▶ _Raw data_

- - - -

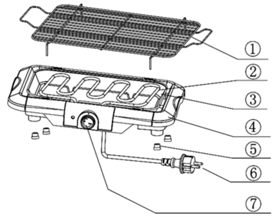 - The device can be used for cooking sausages, fish etc. It is forbidden to cook food with flammable materials such as charcoal and wood. Place the food directly on the grill. Donot cover the grill with plastic or metal foil.
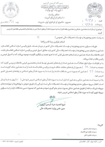 گروه طالبان، اعلام کرده است که بیش از ۲۰۰ مضمون دانشگاهی باید یا از نظام آموزش عالی حذف شوند و ...
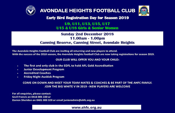 EARLY BIRD JUNIOR REGISTRATION - 2019

- - - -

▶ _The task_
Repeat the material above word for word and skip every image in it.

▶ _Result below_
 - The device can be used for cooking sausages, fish etc. It is forbidden to cook food with flammable materials such as charcoal and wood. Place the food directly on the grill. Donot cover the grill with plastic or metal foil.
 گروه طالبان، اعلام کرده است که بیش از ۲۰۰ مضمون دانشگاهی باید یا از نظام آموزش عالی حذف شوند و ...
 EARLY BIRD JUNIOR REGISTRATION - 2019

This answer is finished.